Feature Request: Validation of First, Last, Min, Max, Mean forecasts

ktindiana / sphinxval

SPHINX validation code for solar energetic particle models

MIT License

3 stars 3 forks source link

Feature Request: Validation of First, Last, Min, Max, Mean forecasts #17

Closed ktindiana closed 9 months ago

ktindiana commented 1 year ago

From Leila: Metrics for one forecast per event (earliest and/or best and/or latest) which gives different information and more readily understandable regarding performance for hits and misses - and I think this is most relevant to what the operator/analyst sees in real-time. Other interesting metrics could be found for different types of forecast subsets, such as dropping the "not clear" subset for UMASEP and other ongoing forecasts for events. Other subsets for exploring the correct rejections and false alarm performance might tell us what is going on for each model, the source and explanation for the metrics.

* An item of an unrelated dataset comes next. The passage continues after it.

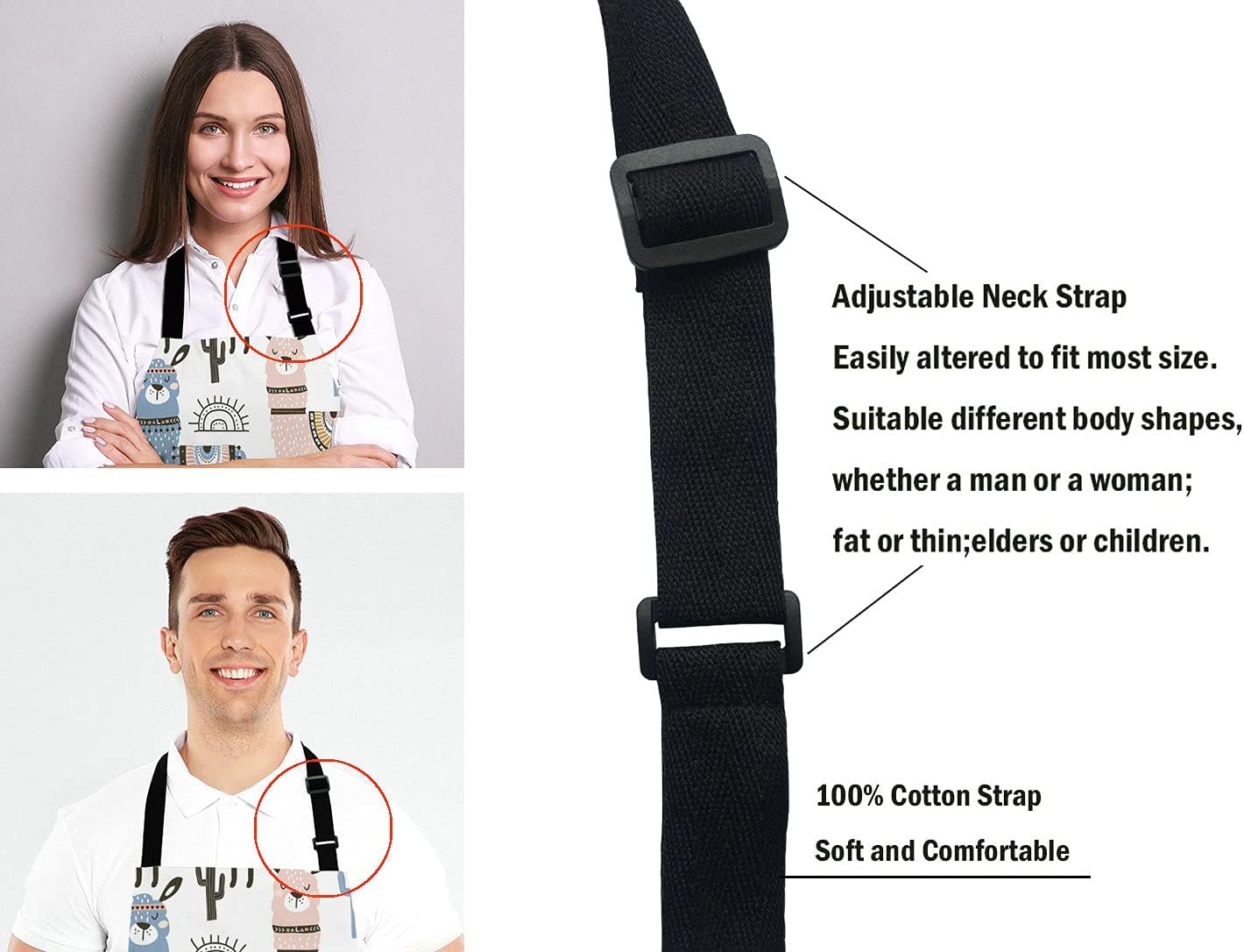 llama Kitchen Cooking BBQ Chef Apron, Cute Animal Alpaca with Cactus Apron for Men, Women - Dad Gifts, Gifts for Men - Birthday, Mothers Day Gifts for Mom, Wife, Husband, Brother, Friends

rickyegeland commented 12 months ago

Another subset could be the "max" (e.g. highest probability, highest peak flux) that matches an event. When monitoring the scoreboard I tend to pick those out.

rickyegeland commented 12 months ago

Other subsets for exploring the correct rejections and false alarm performance might tell us what is going on for each model, the source and explanation for the metrics.

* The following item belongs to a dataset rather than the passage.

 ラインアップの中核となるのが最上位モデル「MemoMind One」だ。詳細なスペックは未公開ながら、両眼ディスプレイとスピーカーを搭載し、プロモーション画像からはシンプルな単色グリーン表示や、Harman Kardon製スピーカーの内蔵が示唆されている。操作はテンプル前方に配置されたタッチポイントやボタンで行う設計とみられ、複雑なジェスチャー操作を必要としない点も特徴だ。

This is not clear. What kind of subset would give more insight?

ktindiana commented 9 months ago

This feature request will be considered the implementation of metrics for:

First forecast (including AWT regardless of whether the forecast changed to clear prior to the SEP event)
Last forecast before the observed value
Maximum forecast
Minimum forecast
Average forecast (all forecasts for a particular observation averaged together and then assessed)

ktindiana commented 9 months ago

Implemented feature in the code to calculate First, Last, Max, Mean forecast assessment when appropriate for different quantities. Decided not to include Min.

The "First" feature applied to All Clear results in a contingency table with one forecast for each observed SEP event that fell inside a model's prediction window. This indicates whether a model hit or missed a given SEP event. This contingency table cannot assess the Correct Negatives.

Metrics calculated for First, Last, Max, or Mean are only relevant for times when an SEP event was observed. All forecasts outside of an observed SEP event period are not included. They should be interpreted as - "When an observed SEP event occurred, the model performed..."